Compute

The compute transform function computes field values based on an expression evaluated at runtime.
If the field already exists, it will be overwritten.
The step name is compute and the function’s UserConfig is controlled in this step:

{"steps": [{"type": "compute", "fields":[
                {"name": "key.newKeyField", "expression" : "5*3", "type": "INT32"},
                {"name": "value.valueField", "expression" : "fn:concat(value.valueField, '_suffix')", "type": "STRING"}]}
]}

Parameters:

Parameter Description

fields

An array of JSON objects describing how to calculate the field values. The JSON object represents a field. See Field parameters.

Field parameters

Name (field) Description

name

The name of the field to be computed. Prefix with key. or value. to compute the fields in the key or value parts of the message.
You can also compute values on the following message headers: [destinationTopic, messageKey, properties.].
Please note that properties is a map of key/value pairs that are referenced by the dot notation, for example properties.key0.

expression

Supports the Expression language syntax. It is evaluated at runtime and the result of the evaluation is assigned to the field.

type

The type of the computed field. this will translate to the schema type of the new field in the transformed message. The following types are currently supported [STRING, INT32, INT64, FLOAT, DOUBLE, BOOLEAN, DATE, TIME, DATETIME]. See Type parameters.

optional (default: true)

If true, it marks the field as optional in the schema of the transformed message.
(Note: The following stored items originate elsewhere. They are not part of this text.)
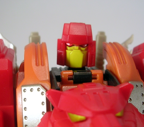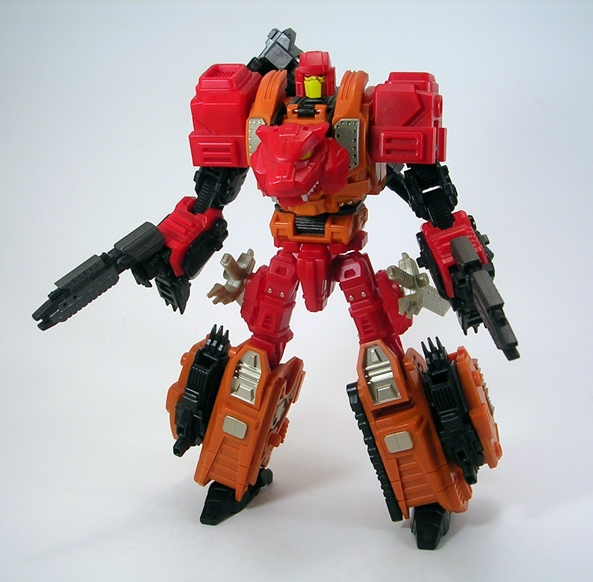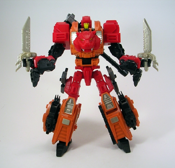If all that isn’t enough, Tigris also comes with an extra baggie of parts that fill in the hollow forearms of the entire team and allows you to peg in some additional weapons and stuff. Additionally, the bag contains a replacement face with a red painted mouth plate. I’m sticking with the stock yellow one just because it adds some much needed diversity to the Tigris’ color palette. Ok, so enough about the robot mode and all the goodies, let’s get him transformed and check out his beast mode…
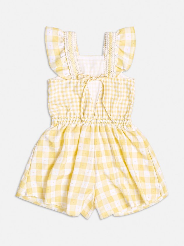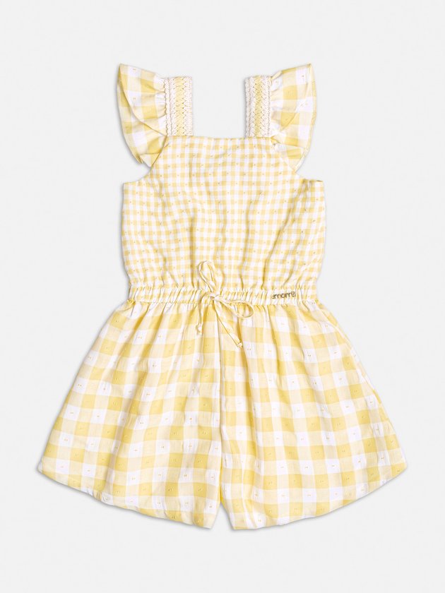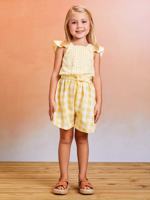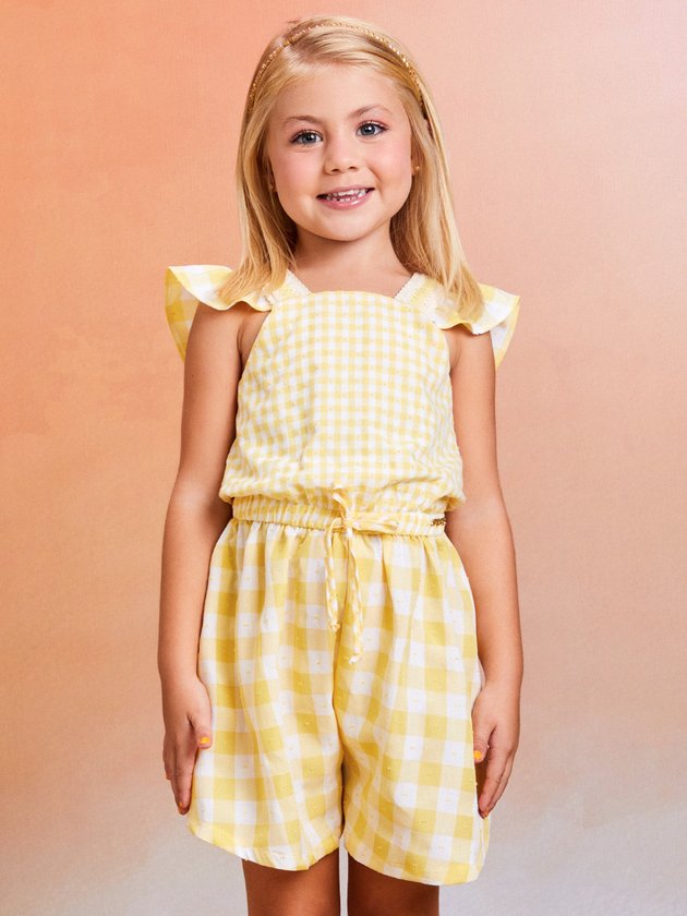 Um toque encantador para o verão: Macaquinho infantil amarelo e branco com estampa vichy. As alças com babados adicionam um charme especial. Perfeito para dias ensolarados e aventuras alegres. Composição: 52% viscose e 48% poliéster. Ref.: H4575
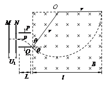 如图所示,MN为正对着竖直放置的金属板,其中N板的正中央有一个小孔,MN板间的电压U1 = 1.0×103 V.PQ为正对着水平放置的金属板,板长L =" 10" cm,两板间的距离d =" 12" cm,两板间的电压U2 =" 2.4" × 103 V.PQ板的右侧存在方向垂直纸面向里的匀强磁场区域,其中虚线为磁场的左右边界,边界之间的距离l =" 60" cm,竖直方向磁场足够宽.一个比荷= 5.0×104 C/kg的带正电粒子,从静止开始经MN板间的电压U1加速后,沿PQ板间的中心线进入PQ间,并最终进入磁场区域.整个装置处于真空中,不计重力影响.
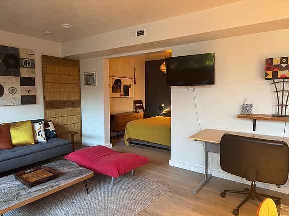 Private, unique and modern, art-filled apartment on Mercer Island on Lake Washington, 12 minutes from Seattle. Fully furnished with a full kitchen and washer/dryer, in unit. Private patio and dedicated off-street parking. Pool and air-conditioning available in the summer. One block from public transportation. Lovely walking trails and parks. Pets are allowed. All utilities included, as well as high-speed internet. Separate entrance. Storage available.

This is useful when null is a possible value of the compute expression.

Type parameters

Name (field.type)

Description

Expression Examples

INT32

represents 32-bit integer.

expression1: "2147483647", expression2: "1 + 1"

INT64

represents 64-bit integer.

expression1: "9223372036854775807", expression2: "1 + 1"

FLOAT

represents 32-bit floating point.

expression1: "340282346638528859999999999999999999999.999999", expression2: "1.1 + 1.1"

DOUBLE

represents 64-bit floating point.

expression1: "1.79769313486231570e+308", expression2: "1.1 + 1.1"

BOOLEAN

true or false

expression1: "true", expression2: "1 == 1", expression3: "value.stringField == 'matching string'"

DATE

a date without a time-zone in the RFC3339 format

expression1: "2021-12-03"

TIME

a time without a time-zone in the RFC3339 format

expression1: "20:15:45"

DATETIME

a date-time with an offset from UTC in the RFC3339 format

expression1: "2022-10-02T01:02:03+02:00", expression2: "2019-10-02T01:02:03Z", expression3: "fn:now()"

Expression language

Pulsar transforms use a simple expression language to evaluate conditional steps and compute steps.
The expression language uses dot notation to access field properties or map keys, and supports the following operations and functions:

Operators

The Expression Language supports the following operators:

Category Suppoerted operators

Arithmetic

+, - (binary), *, / and div, % and mod, - (unary)

Logical

and, &&, or ||, not, !

Relational

==, eq, !=, ne, <, lt, >, gt, ⇐, ge, >=, le.

Functions

Utility methods are available under the fn namespace. For example, to calculate the current date, use fn:now().
The expression language supports the following functions:

Name (field) Description

uppercase(input)

Changes the capitalization of a string. If input is not a string, it attempts a string conversion. If the input is null, it returns null.

lowercase(input)

Changes the capitalization of a string. If input is not a string, it attempts a string conversion. If the input is null, it returns null.

contains(input, value)

Returns true if value exists in input. It attempts string conversion on both input and value if either is not a string. If input or value is null, ir returns false.

trim(input)

Returns the input string with all leading and trailing spaces removed. If the input is not a string, it attempts a string conversion.

concat(input1, input2)

Returns a string concatenation of input1 and input2. If either input is null, it is treated as an empty string.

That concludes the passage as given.